Scientists reveal key to affordable, room-temperature quantum light

Quantum light sources are fickle. They can flicker like stars in the night sky and can fade out like a dying flashlight. However, newly published research from the University of Oklahoma proves that adding a covering to one of these light sources, called a colloidal quantum dot, can cause them to shine without faltering, opening the door to new, affordable quantum possibilities. The findings are available in Nature Communications.

Quantum dots, or QDs, are so small that if you scaled up a single quantum dot to the size of a baseball, a baseball would be the size of the moon. QDs are used in a variety of products, from computer monitors and LEDs to solar cells and biomedical engineering devices. They are also used in quantum computing and communication.

A research study led by OU Assistant Professor Yitong Dong demonstrates that adding a crystalized molecular layer to QDs made of perovskite neutralizes surface defects and stabilizes the surface lattices. Doing so prevents them from darkening or blinking.

“In quantum computing, you must be able to control how many photons are emitted at any given time,” he said. “QDs are notoriously unstable, so we worked to create a crystal covering that could stabilize their quantum emissions. This material is ideal because it is inexpensive to use and scale and is efficient at room temperature.”

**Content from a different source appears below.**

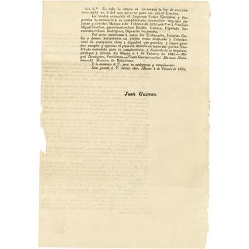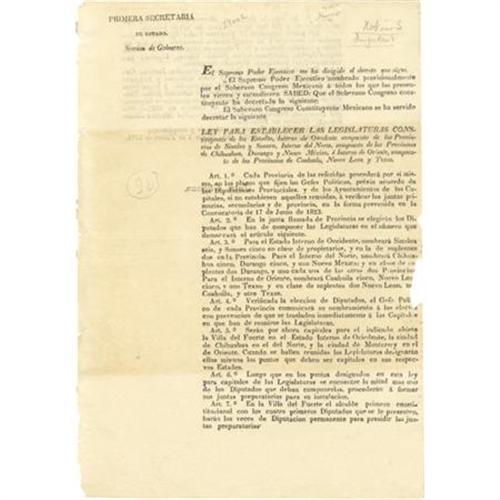 <B>[Broadside]: Original Issue of a</B></I> <B>Decree to Establish Constitutional Legislatures of the Three Newly Formed States. </B></I> Folio broadsheet printed on front and back, 7.75" x 11" inches. Mexico. Feb. 4, 1824<B>, s</B></I>igned in print at the end <B>by Juan Guzman</B></I>. This is the original issue of the decree listed as lot 56009, and is not in Streeter. [With heading:] Primera Secretaria de Estado. Seccion de Gobierno. In part: "<I>Law to establish the constituent legislatures of the states, internal Western Provinces composed of Sinaloa and Sonora, internal Northern Provinces composed of Chihuahua, Durango and New Mexico, and internal Eastern Provinces composed of Ccoahuila, Nuevo Leon and Texas. . .</B></I> " Dated "<I>Mexico 4 de Febeero [sic] de 1824</B></I>" at the end. Dark toning band across center, chipping long both margins, affecting a few lines of text. <I>from the collection of Darrel Brown.</B></I><BR><BR><b>Shipping:</b> Flat Material, Small (<a target="_blank" href="http://www.heritageauctions.com/common/shipping.php">view shipping information</a>)

Quantum dots have historically had several problems. First, their surfaces can easily become defective. These defects can cause the QDs to fail, often after only 10–20 minutes of use. The crystal coverings deployed by Dong and his collaborators extend the continuous photon emission of QDs to more than 12 hours without any decay, and virtually no blinking.

Second, single photon emitters have traditionally operated at extremely low cryogenic temperatures. In fact, they typically require liquid helium at -452 degrees Fahrenheit, making them impractical for most real-world applications. This research, however, demonstrates that perovskite QDs achieve nearly 100% efficiency at room temperature. This breakthrough makes them significantly easier, cheaper and more appealing to use.

“Although there has been real interest in the exotic optical properties of this material, the sophistication needed to fabricate a single photon emitter was cost-prohibitive,” Dong said. “But since perovskite QDs can be used at normal temperatures and synthesized for very little cost, we believe they could become the photonic chip light source for future quantum computing and quantum communication devices.”

According to Dong, these findings pave the way for future quantum emitter designs that extend beyond this specific material or molecular structure.

“In my opinion, our research has profound implications for the quantum field,” he said. “We’ve found a way to stabilize these QDs using organic and inorganic molecular crystals, opening the door for others to explore the fundamental optical properties and fundamental physics of these materials. It’s really exciting.”